"Why not?"
"I would have dreaded hurting his feelings. Were you not afraid of
offending him?"
"I certainly shrank from the pain which I knew I must inflict, but
because I valued his welfare more than my own feelings, I was
constrained to be faithful to him. I told him that he was drifting where
he ought steer, that instead of holding the helm and rudder of his young
life, he was floating down the stream, and unless he stood firmly on the
side of temperance, that I never would clasp hands will him for life."

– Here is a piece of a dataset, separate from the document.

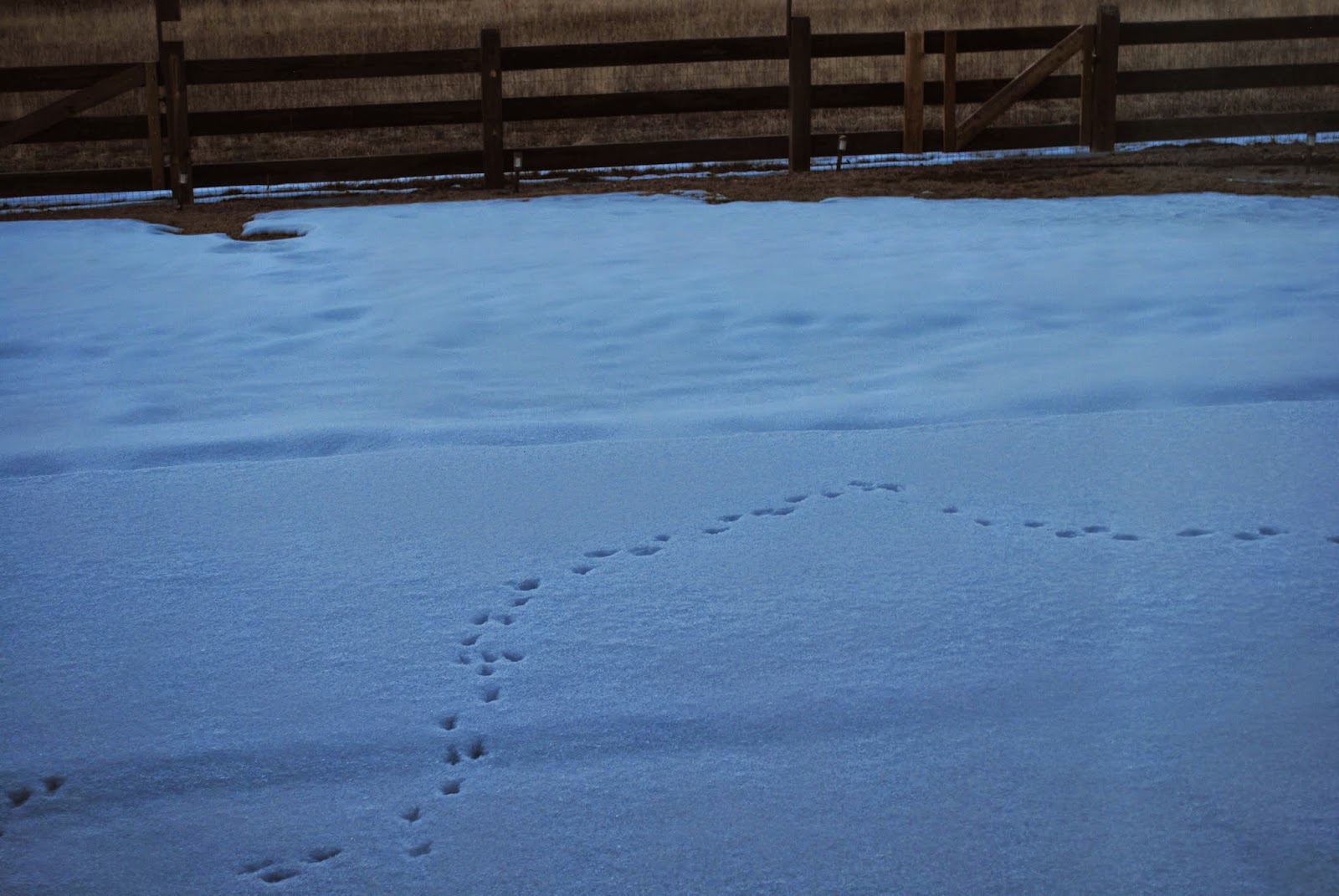 We had an 8 inch snow storm while he was gone. Our second biggest snowfall since we moved into this house 4 years ago this week but here it is a week later almost 70 degrees, so only this little bit on the north side of the house remains. I love the animal prints on the snow. The abundance of nature is one of the best parts of living in Colorado.

"But Belle, perhaps you have done him more harm than good; may be
you could have effected his reformation by consenting to marrying
him."
"Jeanette, were I the wife of a drunken man I do not think there is any
depth of degradation that I would not fathom with my love and pity in
trying to save him. I believe I would cling to him, if even his own
mother shrank from him. But I never would consent to [marry any
man?], whom I knew to be un[?]steady in his principles and a moderate
drinker. If his love for me and respect for himself were not strong
enough to reform him before marriage, I should despair of effecting it
afterwards, and with me in such a case discretion would be the better
part of valor."
"And so you have given Mr. Romaine a release?"
"Yes, he is free."
"And I think you have thrown away a splendid opportunity."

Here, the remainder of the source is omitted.